##### DATA EXTRACT
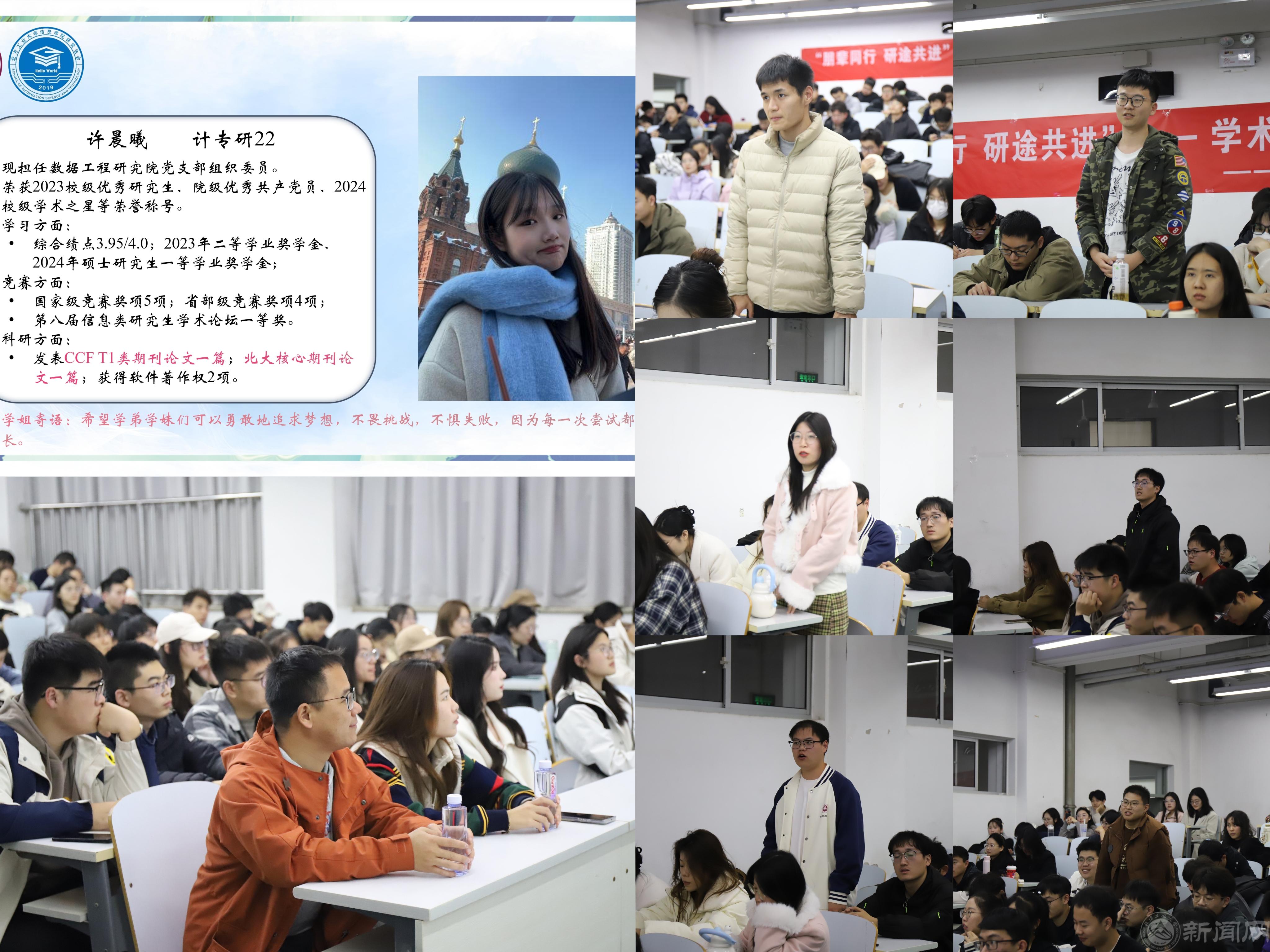第一場分享會邀請了計專研-22程鵬燕、鄔毅杰、通信專研-22趙甲萌為同學們進行分享。程鵬燕以“如何明確個人目標?”為切入點,為同學們提供了一份詳盡的讀研規劃指南;鄔毅杰以“研究生生活與科研的雙重探索”為主題,圍繞“課程學習、專業實習、文章發表、興趣愛好”四大維度,向與會者分享個人經驗與心得;趙甲萌在分享會上強調,快速掌握學術研究所需的軟件技能至關重要,這將有助于將創新思維迅速轉化為實際的論文成果。她建議同學們要在繁忙的工作與學業之間找到平衡點,保持一顆積極樂觀的心態,以應對各種挑戰。
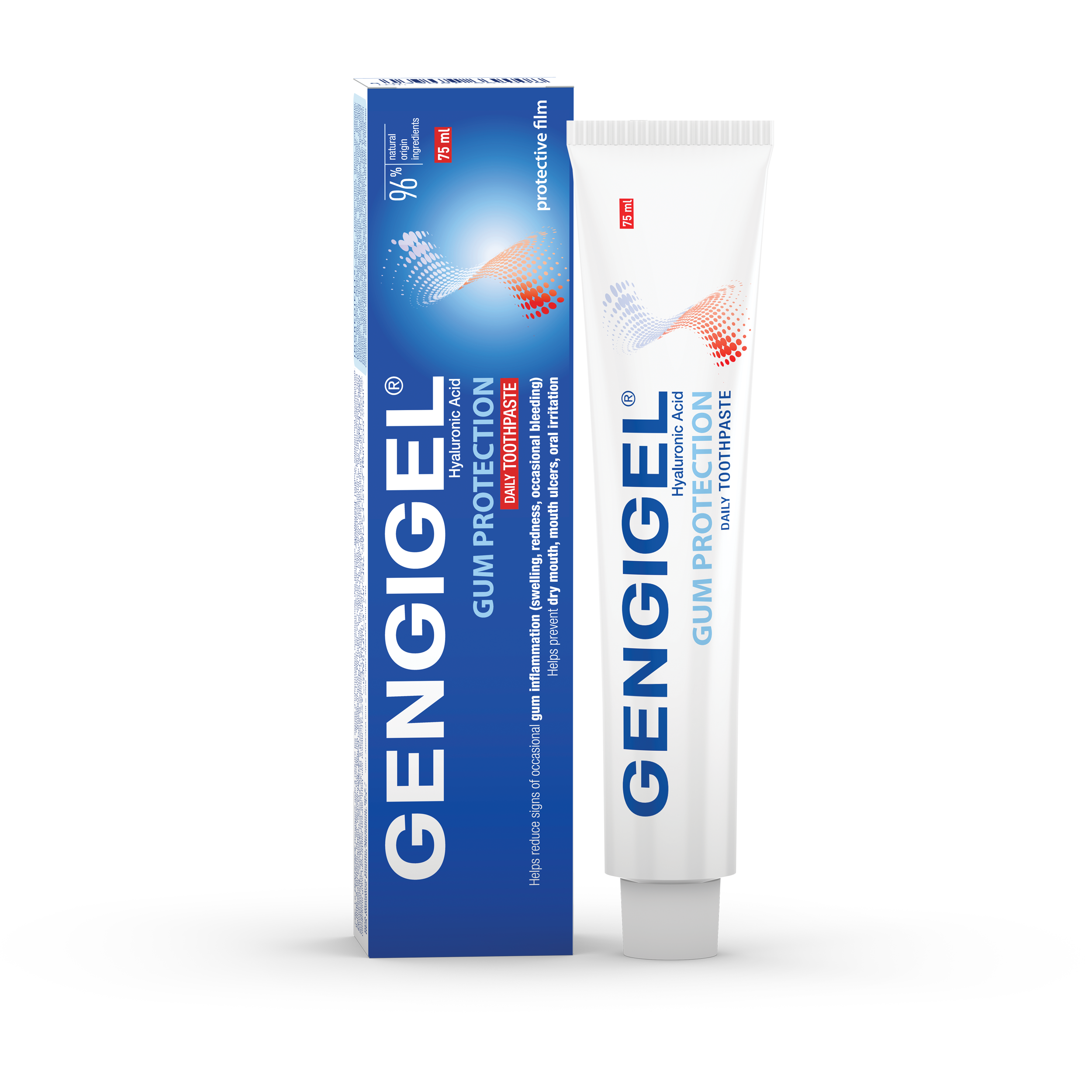 Die einzigartige Formulierung basiert auf Hyaluronsäure, die sehr der natürlichen Hyaluronsäure in der Mundschleimhaut ähnelt. Es hat die Fähigkeit das Gewebe des Zahnfleisches wiederherzustellen und es zu schützen, indem es – dank einer patentierten mukoadhäsiven Formel – einen langanhaltenden Schutzfilm auf dem Zahnfleisch bildet.
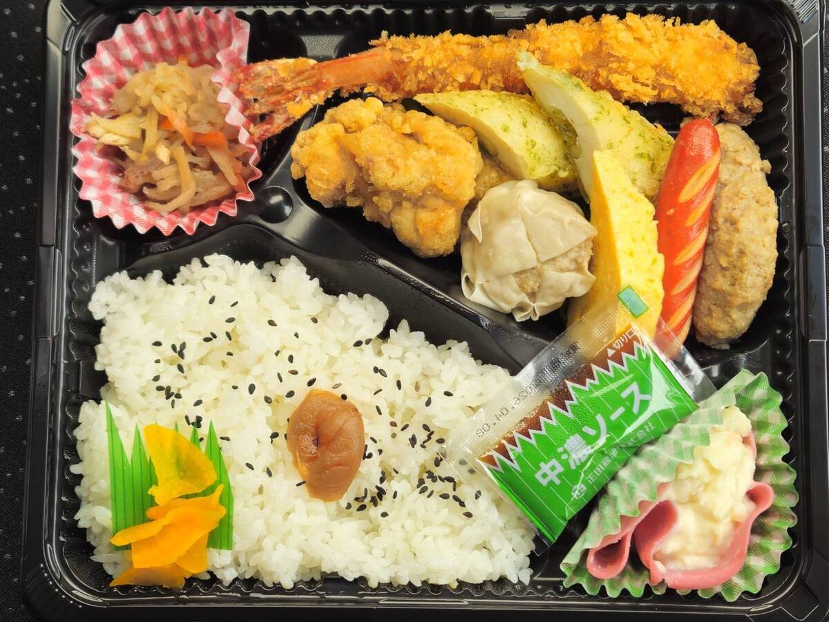 おかずはエビフライ、唐揚げ、磯部揚げ、ハンバーグ、シュウマイ、玉子焼き、ウインナーとかなり充実!
##########
## YOUR INSTRUCTIONS
Exact output of each line above is wanted, without the pictures.

## ANSWER TO THE EXERCISE
第一場分享會邀請了計專研-22程鵬燕、鄔毅杰、通信專研-22趙甲萌為同學們進行分享。程鵬燕以“如何明確個人目標?”為切入點,為同學們提供了一份詳盡的讀研規劃指南;鄔毅杰以“研究生生活與科研的雙重探索”為主題,圍繞“課程學習、專業實習、文章發表、興趣愛好”四大維度,向與會者分享個人經驗與心得;趙甲萌在分享會上強調,快速掌握學術研究所需的軟件技能至關重要,這將有助于將創新思維迅速轉化為實際的論文成果。她建議同學們要在繁忙的工作與學業之間找到平衡點,保持一顆積極樂觀的心態,以應對各種挑戰。
 Die einzigartige Formulierung basiert auf Hyaluronsäure, die sehr der natürlichen Hyaluronsäure in der Mundschleimhaut ähnelt. Es hat die Fähigkeit das Gewebe des Zahnfleisches wiederherzustellen und es zu schützen, indem es – dank einer patentierten mukoadhäsiven Formel – einen langanhaltenden Schutzfilm auf dem Zahnfleisch bildet.
 おかずはエビフライ、唐揚げ、磯部揚げ、ハンバーグ、シュウマイ、玉子焼き、ウインナーとかなり充実!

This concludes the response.